I have the little one studying in the front-room. What she doesn’t know, she looks up and copies out neatly. That dictionary, it’s bigger than her, and the words are tricky: radiance, antiferromagnetism, splendour. But I have to keep them busy or they turn into grey light, and then what will she say.

I didn’t name them because they’re both Pamela, escapees from the big day. There’s more arriving every week, but not full-size: stick insect girls with messy hair and claws for hands, brittle little soulkins, cast-offs of untrained grief, good only for chopping ephemerous salad.  I’ve crafted big canvas bags; they’d fit in nice and snug; she could even take them all in one go.

She’s too busy being sad that’s what it is. Or perhaps she never noticed the old snake-skin. I’m here ghosting, and she is still squabbling. Or else, she got tired of all the runaways, shook them all off, and changed away.

If she came, I’d say ‘Take it easy. Nothing stops. It’s just more work.’ That’d cure her grief. Or else, I’ll teach her to mourn, show her the young ones in the back room. That’ll set her straight, keep her safe from changing.

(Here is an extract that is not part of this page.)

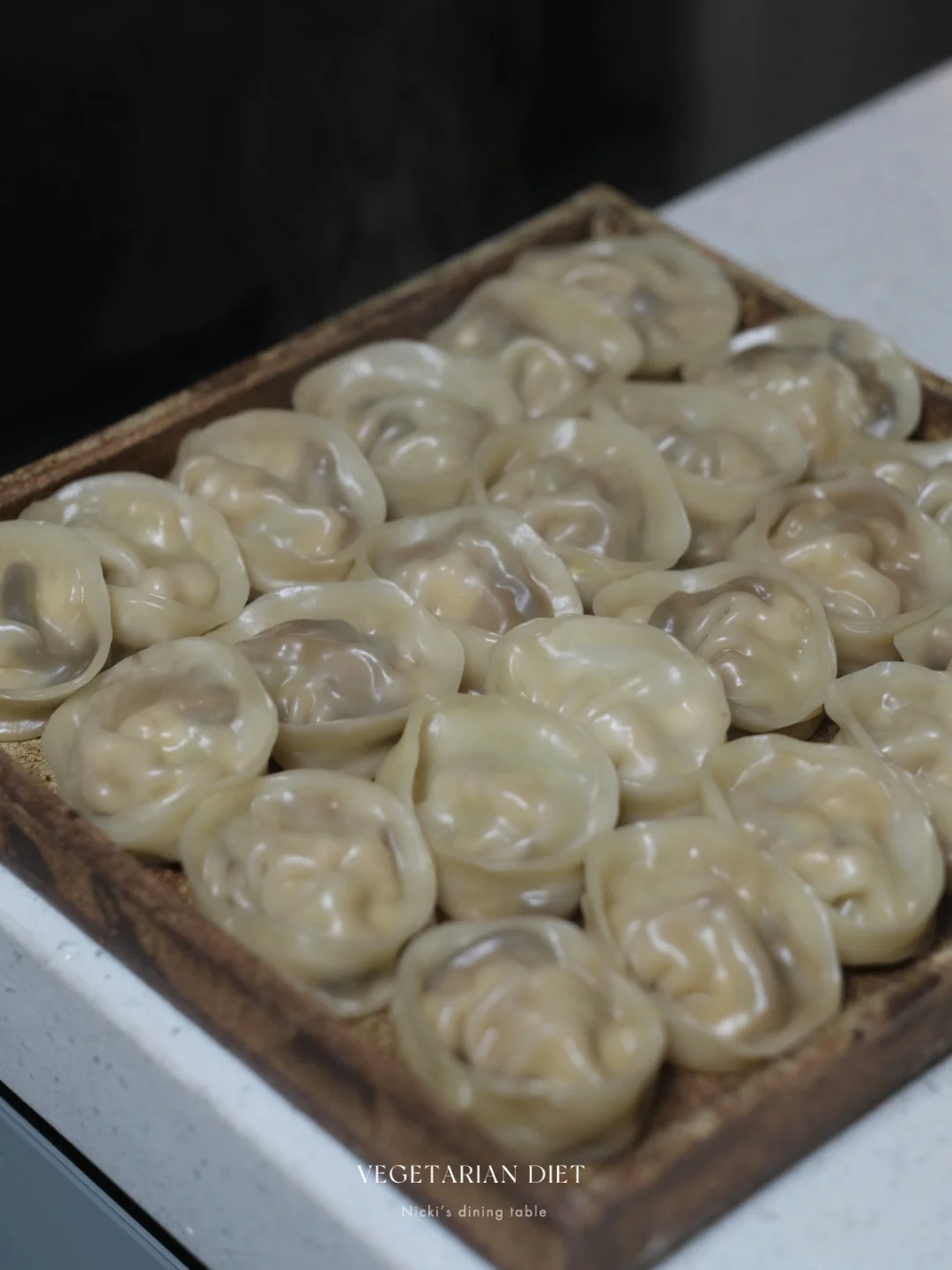 •包好的饺子放入蒸箱中蒸15分钟左右(相比直接下锅中,我觉得蒸过的饺子皮更有韧劲)。

I’ve taken up smoking. It’s not like the real thing, more like vaping or herbal cigarettes, but I need some me-time. I find little jobs for those two, sneak behind the headstone, and light up. The sky’s turning, pulling at me, and I nearly slip into the clouds. In spring, they are piled high above the pools of light. And I must grab on to the earth or I’ll fall head-first into the blue, through the icy mirrors, past all the startled birds.


Roppotucha Greenberg is the author of a flash and micro-fiction collection Zglevians on the Move (TwistiT Press, 2019) and two silly-but-wise doodle books for humans, Creatures Give Advice (2019) and Creatures Give Advice Again and it’s warmer now (2019)
Links to her published stories can be found here: https://roppotucha.blogspot.com/p/short-stories.html
Her many rejections can be found on this tree: https://roppotucha.blogspot.com/p/rejection-tree.html

(And for more Roppotucha, check out her Elephants Never Fret, or our review of Creatures Give Advice. – Elephants Never)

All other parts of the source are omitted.